Deuxième sens de modèle qu’on pourrait retenir c’est le modèle au sens normatif du terme, il va
justifier le rejet de la passion. Lucrèce pose deux choses : le désir est pleinement lié au processus
classique de compensation des pertes. Jean Salem dit ça, notamment dans Lucrèce et l’éthique.
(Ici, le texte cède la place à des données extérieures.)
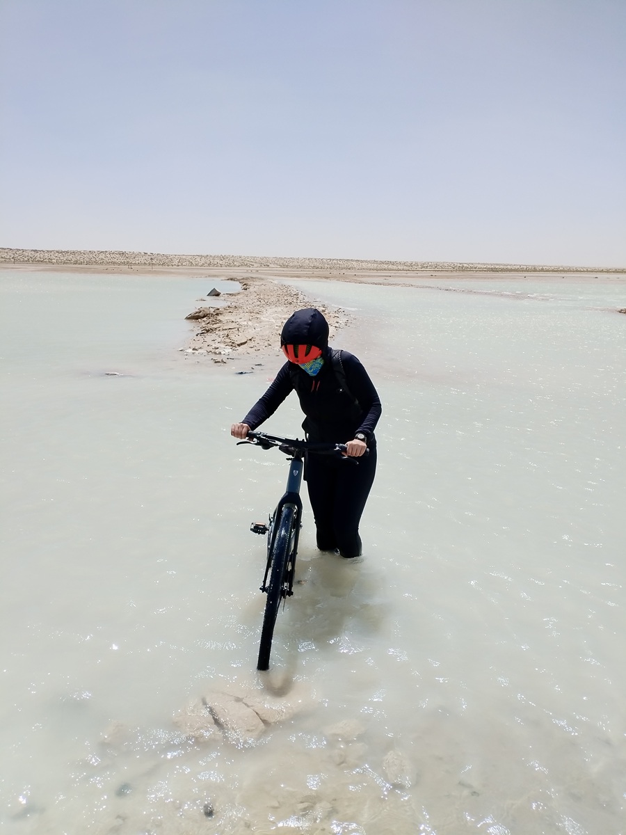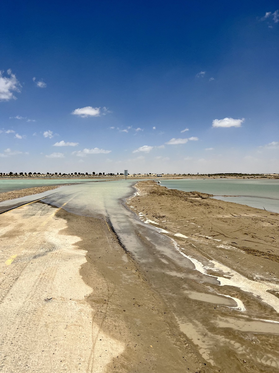 As we got closer, we realized the track itself was submerged. I was a bit nervous as cycling through it didn’t look predictable at all. We tried to find a way around it, but eventually had no choice but to get wet and cross it. Wet shoes and socks it is!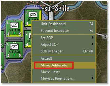 You can alter the order for each movement point. You can go from a Hasty move to a Deliberate Move and finish with an Assault move if it fits the need. You can also adjust the unit’s SOP setting for each order in the list in this dialog and there are cases where that will be useful.
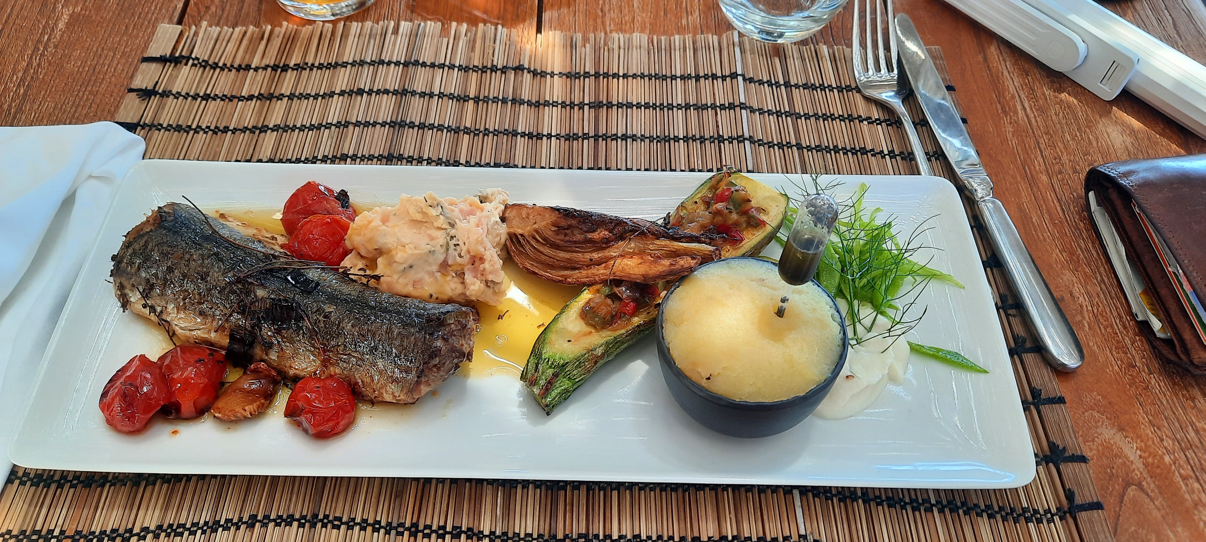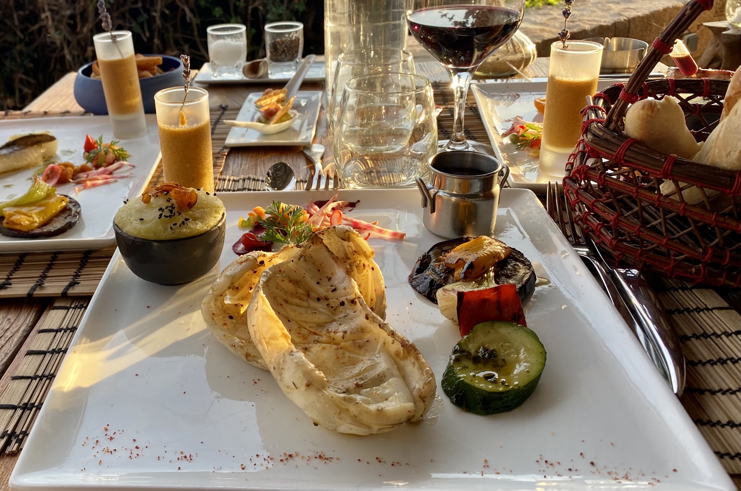 Le cadre est superbe. Nous avons pris plusieurs plats. Seul bémol pour le poisson du jour. Le découpage est fait devant le client mais le soir, dans le noir éclairé à la bougie alors mal fait, il restait beaucoup trop d'arêtes, impossible de finir l'assiette. Pour les autres plats, rien a dire, c'était très bon.

L’idée serait que le bon désir serait celui efficace dans la remplissons, celui qui produit un
remplissage du corps physiquement. La passion serait alors inefficace sous ce regard. Et alors les
simulacres ? ils sont matériels comme tous les autres choses, mais pourquoi ils ne remplissent pas
le corps ? le deuxième point c’est que le critère d’évaluation d’efficacité des désirs c’est avant tout
le corps. Rien n’est donné au corps, le problème de la passion serait ça, elle oublie que le corps est
le critère d’évaluation. Seul le corps peut évaluer l’efficacité et donner des limites au désir. Texte
16 ce qui est inutile pour le corps doit être jugé inutile pour l’esprit. Trois problèmes centraux de la
passion : 1 on se détournerait du corps au profit du bien extérieur, passage donc d’une logique de
la réplétion à une logique de la possession. Dans ce passage on perdrait la notion de limite
essentielle à la maitrise du désir et au même temps la connaissance vraie du plaisir. Texte 17. 2
problème l’esprit continue à prendre comme repères des repères extérieurs au corps, au lieu de
prendre le corps et la sensation comme critères. Texte 18 l’opinion plutôt que la sensation comme
critère, en latin est plus forte qu’en français. On perd le critère originaire d’évaluation. Troisième
problème de la passion : l’oubli par l’esprit du corps, l’esprit en en faute. Ce modèle lui permet de
résoudre le problème du rejet éthique de la passion, il donnerait en cela un fondement à l’éthique
de désirs que propose Epicure. Ils restent quand-même trois problèmes : le premier : rapport
entre biens de l’esprit et biens du corps. Est-ce qu’on peut penser une autonomie des biens de
l’esprit ou ils dépendent entièrement du corps ? Epicure semble bien accepter une autonomie des
biens de l’esprit. Lucrèce est-il plus radical de son maitre ? 2 problème : jugement sur la question
du progrès de la société, la société semble produire des biens qui s’éloignent vraiment de la
nature, socle parfait du développement des passions : le progrès est à la fois nécessaire à la
condition humaine et à la fois une source du développement des passions, le principal fautif.
Troisième problème, plus éloigné, celui de la nature des dieux. Ils ne semblent même pas soumis
au processus de perte matérielle : ça veut dire qu’il n’y a pas de vide en eux ou bien que qu’ils
auraient un processus de compensation autre de leur perte ? on peut dans d’autres textes trouver
que les dieux semblent soumis au processus de perte et compensation.